▶ _Supplied material_
· · ·

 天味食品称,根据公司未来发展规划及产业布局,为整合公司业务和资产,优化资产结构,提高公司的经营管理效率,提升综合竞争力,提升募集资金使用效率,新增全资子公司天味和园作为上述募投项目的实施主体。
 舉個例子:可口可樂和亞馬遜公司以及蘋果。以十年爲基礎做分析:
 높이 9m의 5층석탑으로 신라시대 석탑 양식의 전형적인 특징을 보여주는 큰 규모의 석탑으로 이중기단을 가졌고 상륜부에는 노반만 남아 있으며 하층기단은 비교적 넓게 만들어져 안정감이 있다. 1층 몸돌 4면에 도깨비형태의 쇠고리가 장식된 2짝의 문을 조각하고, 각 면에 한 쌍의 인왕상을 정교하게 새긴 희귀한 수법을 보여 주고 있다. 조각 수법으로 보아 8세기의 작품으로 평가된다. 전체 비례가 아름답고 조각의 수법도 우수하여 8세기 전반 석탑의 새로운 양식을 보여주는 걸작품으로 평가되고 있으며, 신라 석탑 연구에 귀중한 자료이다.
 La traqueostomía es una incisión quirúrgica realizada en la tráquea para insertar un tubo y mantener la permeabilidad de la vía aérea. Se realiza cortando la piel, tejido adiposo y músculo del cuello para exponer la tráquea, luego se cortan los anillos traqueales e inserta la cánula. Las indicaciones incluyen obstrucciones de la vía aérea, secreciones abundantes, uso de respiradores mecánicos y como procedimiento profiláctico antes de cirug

· · ·

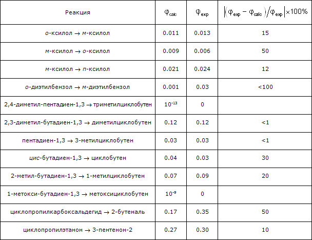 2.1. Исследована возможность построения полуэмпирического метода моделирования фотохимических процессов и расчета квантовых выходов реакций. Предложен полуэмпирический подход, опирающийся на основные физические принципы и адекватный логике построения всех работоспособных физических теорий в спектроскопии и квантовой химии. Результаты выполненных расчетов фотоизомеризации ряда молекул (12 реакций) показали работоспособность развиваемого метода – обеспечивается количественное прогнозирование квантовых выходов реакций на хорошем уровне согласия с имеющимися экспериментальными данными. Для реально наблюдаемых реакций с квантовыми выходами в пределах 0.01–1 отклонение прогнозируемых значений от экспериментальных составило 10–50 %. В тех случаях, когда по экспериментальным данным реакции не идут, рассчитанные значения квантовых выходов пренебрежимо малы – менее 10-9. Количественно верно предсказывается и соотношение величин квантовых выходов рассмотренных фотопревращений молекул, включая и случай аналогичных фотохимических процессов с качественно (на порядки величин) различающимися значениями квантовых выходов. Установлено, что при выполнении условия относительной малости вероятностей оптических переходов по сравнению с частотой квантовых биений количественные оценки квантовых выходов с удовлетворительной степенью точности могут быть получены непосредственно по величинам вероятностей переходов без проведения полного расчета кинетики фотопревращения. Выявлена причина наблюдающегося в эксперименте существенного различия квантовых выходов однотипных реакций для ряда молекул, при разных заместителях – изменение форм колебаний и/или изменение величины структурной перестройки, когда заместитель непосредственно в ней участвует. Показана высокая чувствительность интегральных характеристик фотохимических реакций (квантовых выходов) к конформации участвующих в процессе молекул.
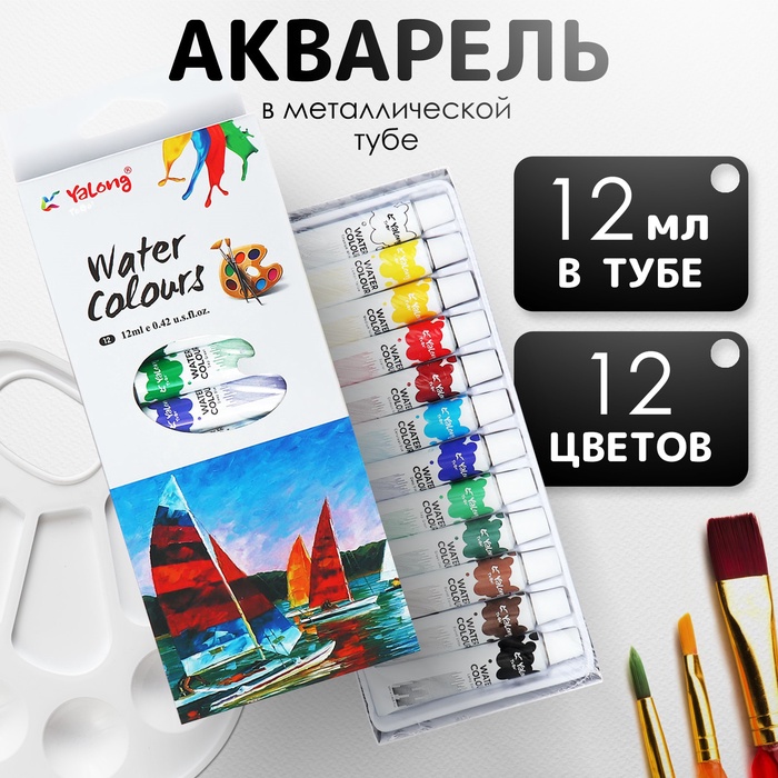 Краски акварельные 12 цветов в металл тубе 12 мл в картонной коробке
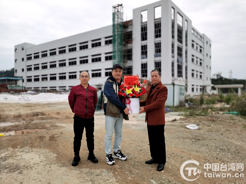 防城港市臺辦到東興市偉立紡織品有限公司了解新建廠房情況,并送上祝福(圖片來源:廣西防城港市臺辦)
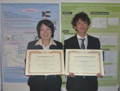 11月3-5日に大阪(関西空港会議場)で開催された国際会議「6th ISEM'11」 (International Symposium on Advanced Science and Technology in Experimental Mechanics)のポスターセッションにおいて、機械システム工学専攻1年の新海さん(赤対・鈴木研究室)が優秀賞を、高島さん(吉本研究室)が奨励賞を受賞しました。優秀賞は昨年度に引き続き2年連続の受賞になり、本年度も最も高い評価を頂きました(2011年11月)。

· · ·

▶ _Exercise goal_
Exactly the lines above, from the one containing "防城港市臺辦到東興市偉立紡織" down to the one containing "11月3-5日に大阪(関西空港会議場)で開催された国際会議「6th ISEM'11」 (International", are to be repeated, including both ends. Pictures are not part of the copy.

▶ _Task answer_
 防城港市臺辦到東興市偉立紡織品有限公司了解新建廠房情況,并送上祝福(圖片來源:廣西防城港市臺辦)
 11月3-5日に大阪(関西空港会議場)で開催された国際会議「6th ISEM'11」 (International Symposium on Advanced Science and Technology in Experimental Mechanics)のポスターセッションにおいて、機械システム工学専攻1年の新海さん(赤対・鈴木研究室)が優秀賞を、高島さん(吉本研究室)が奨励賞を受賞しました。優秀賞は昨年度に引き続き2年連続の受賞になり、本年度も最も高い評価を頂きました(2011年11月)。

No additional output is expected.